The response rates of CRLM have significantly increased in recent years because of the development of new systemic treatment approaches [1]. Complete shrinkage of CRLM on cross-sectional imaging (usually observed on CT scans), also known as disappearing liver metastases (DLM), presents a therapeutic dilemma (Figure 6). The best treatment option for these lesions is still being disputed in the literature, highlighting radiological response as a favourable prognostic factor [54]. In reality, DLM is not always synonymous with cure, and when resected, pathological analysis shows that in more than 80% of patients there is a variable percentage of the residual tumour or an early recurrence in situ [55]. The complete curing of CRLM with systemic therapy is a rare phenomenon that now occurs in less than 5% of cases [55]. Thanks to the development of innovative oncological strategies, a higher rate of patients will develop DLM in the future [56]. Unfortunately, resection of DLM can be technically troublesome. For this reason, it is necessary to perform detailed restaging after and during chemotherapy with accurate localization of all sites of CRLM previously described as the key point for the correct treatment [57].

Figure 6

Examples of disappearing liver metastases (DLM) in computed tomography (CT) images in 48-year-old female with colorectal liver metastases (CRLM). A) Initial contrast-enhanced CT image shows 5 confluent CRLMs (arrows). B) Contrast-enhanced CT image shows 2 DLMs in the left lobe and 3 CRLMs reduced in size compared to initial CT scan after conversion therapy on 6-month follow-up (arrows). C) Contrast-enhanced CT image shows further reduction in size of 3 CRLMs in the right lobe but reappearance of a single CRLM in the left lobe on 18-month follow-up (arrows)

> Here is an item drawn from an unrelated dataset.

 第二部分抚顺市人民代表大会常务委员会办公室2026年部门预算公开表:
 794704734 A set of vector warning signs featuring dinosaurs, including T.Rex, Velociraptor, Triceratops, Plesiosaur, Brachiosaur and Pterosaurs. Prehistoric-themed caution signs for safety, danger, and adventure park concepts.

It has been observed that a combination of contrastenhanced CT, MRI, and intraoperative ultrasound show promising results in accurately identifying DLM with complete response. The results suggest that leaving DLM in situ could be an alternative to surgical resection when a DLM remains undetectable by MRI and intraoperative ultrasound [58]. In another publication the authors concluded that when metastasis not seen on CT is depicted on hepatocyte-specific MRI, in most of the cases it represents a viable tumour. However, lesions not identified by MRI were usually not viable metastases [59]. Nonetheless, the optimal management of DLM is still controversial due to the uncertainty of residual microscopic disease and effective long-term outcomes in resected versus unresected patients [60].

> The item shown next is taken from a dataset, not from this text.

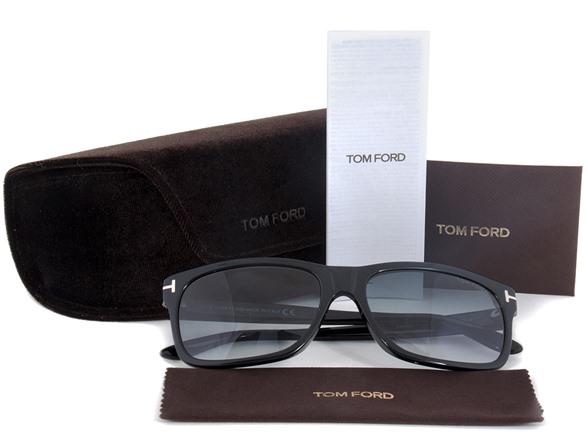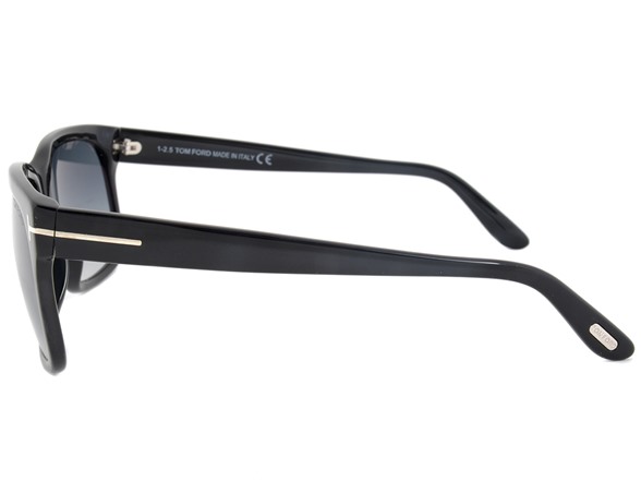 These Italian-made Tom Ford FT0376-02N Barbara sunglasses are genius in how they re-imagine a traditional look in a very current way. Shiny black colored rectangle-shaped full-rimmed frames with a single bridge surround a grey-blue gradient lens. The classic Tom Ford logo adorns the shiny black temples. Measuring 58-16-145mm this item ships with its own sunglass case lens cleaning cloth and manufacturer's documentation

This article shows how unique radiological patterns in CT and MRI examinations might help to visualize some of the clinical and histological characteristics of colorectal liver metastases. An important role in evaluating tumour features, tumour response, and tumour regrowth following treatment is played by radiologists. It is crucial to accurately represent these tumoural characteristics to modify clinical therapy and aid in patient prognosis prediction.

The creation and validation of novel imaging biomarkers for CRLM will require the use of advanced analysis techniques like radiomics and machine learning. To accomplish this, researchers including radiologists and clinicians will need to collaborate to investigate the robustness of the deep learning models and software implementation with regard to generalizability across imaging platforms and patient populations, as well as to train clinicians to adapt to artificial intelligence support for making clinical decisions.